» **WHAT NEEDS TO BE DONE**: Nothing in the listing should be altered when it is copied, and no picture goes into the copy.

» **SUPPLIED DATA**:
%%

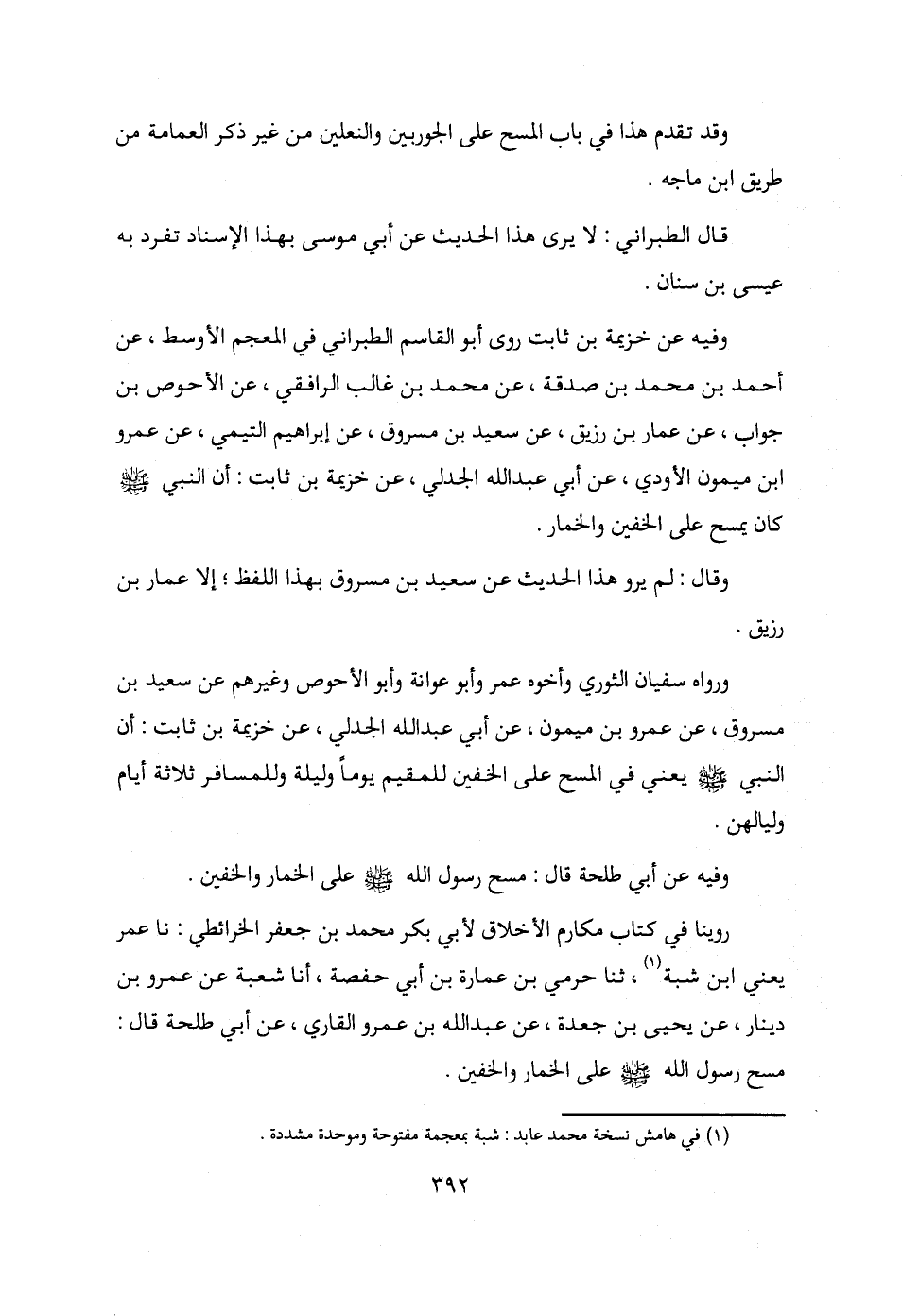 وفيه عن خزيمة بن ثابت روى أبو القاسم الطبراني في المعجم الأوسط، عن أحمد بن محمد بن صدقة، عن محمد بن غالب الرافقي، عن الأحوص بن جواب، عن عمار بن رزيق، عن سعيد بن مسروق، عن إبراهيم التيمي، عن عمرو بن ميمون الأودي، عن أبي عبد الله الجدلي، عن خزيمة بن ثابت: أن النبي - صلى الله عليه وسلم - كان يمسح على الخفين والخمار.
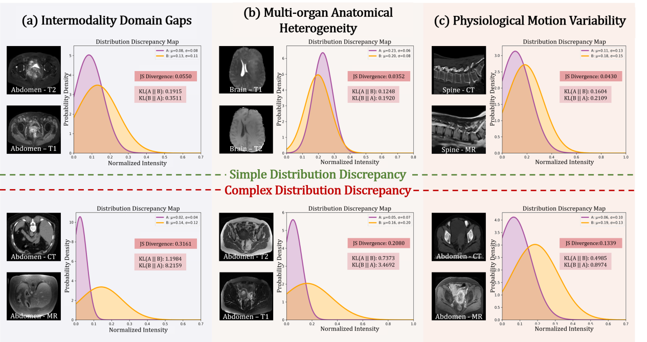医学图像配准在放射治疗计划、手术导航及多模态影像融合中发挥着关键作用。然而,无监督多模态配准方法常常受到灰度分布差异、解剖结构异质性和生理运动变异 的影响,导致配准精度不足。
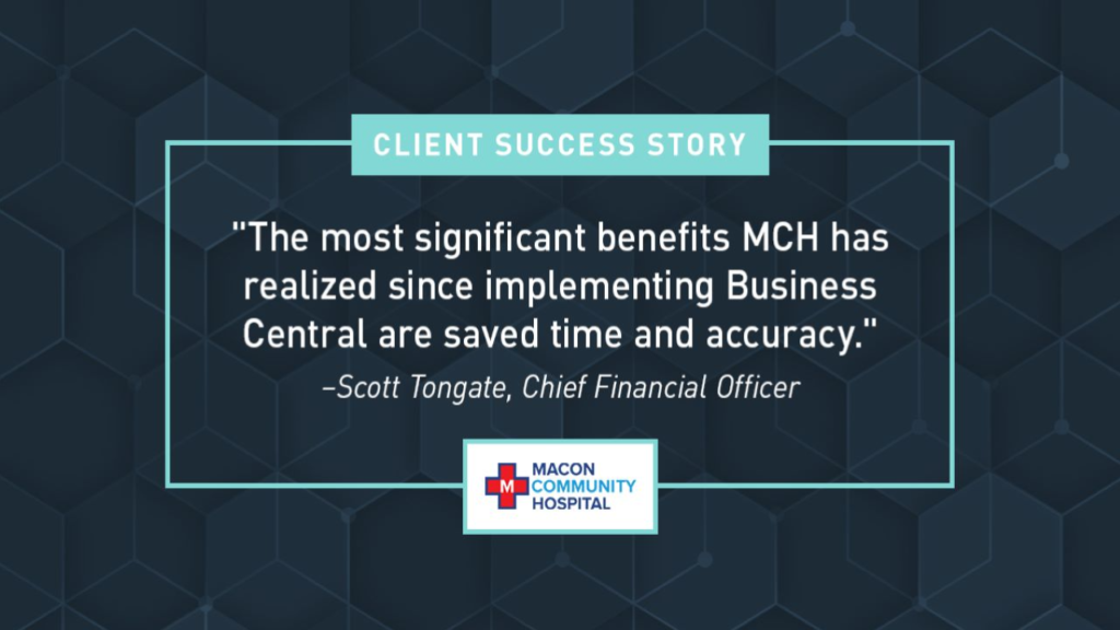 Macon Community Hospital (MCH) is a 25-bed critical access hospital that was unable to see the accurate financial state of the hospital, and collections had deteriorated to about 30 percent of charges. BKD helped replace their ERP system to get back on track. Read the full case study of how BKD helped MCH smoothly implement Microsoft Dynamics 365 Business Central to drive efficiencies.

%%

» **WRITTEN SOLUTION**:
 وفيه عن خزيمة بن ثابت روى أبو القاسم الطبراني في المعجم الأوسط، عن أحمد بن محمد بن صدقة، عن محمد بن غالب الرافقي، عن الأحوص بن جواب، عن عمار بن رزيق، عن سعيد بن مسروق، عن إبراهيم التيمي، عن عمرو بن ميمون الأودي، عن أبي عبد الله الجدلي، عن خزيمة بن ثابت: أن النبي - صلى الله عليه وسلم - كان يمسح على الخفين والخمار.
医学图像配准在放射治疗计划、手术导航及多模态影像融合中发挥着关键作用。然而,无监督多模态配准方法常常受到灰度分布差异、解剖结构异质性和生理运动变异 的影响,导致配准精度不足。
 Macon Community Hospital (MCH) is a 25-bed critical access hospital that was unable to see the accurate financial state of the hospital, and collections had deteriorated to about 30 percent of charges. BKD helped replace their ERP system to get back on track. Read the full case study of how BKD helped MCH smoothly implement Microsoft Dynamics 365 Business Central to drive efficiencies.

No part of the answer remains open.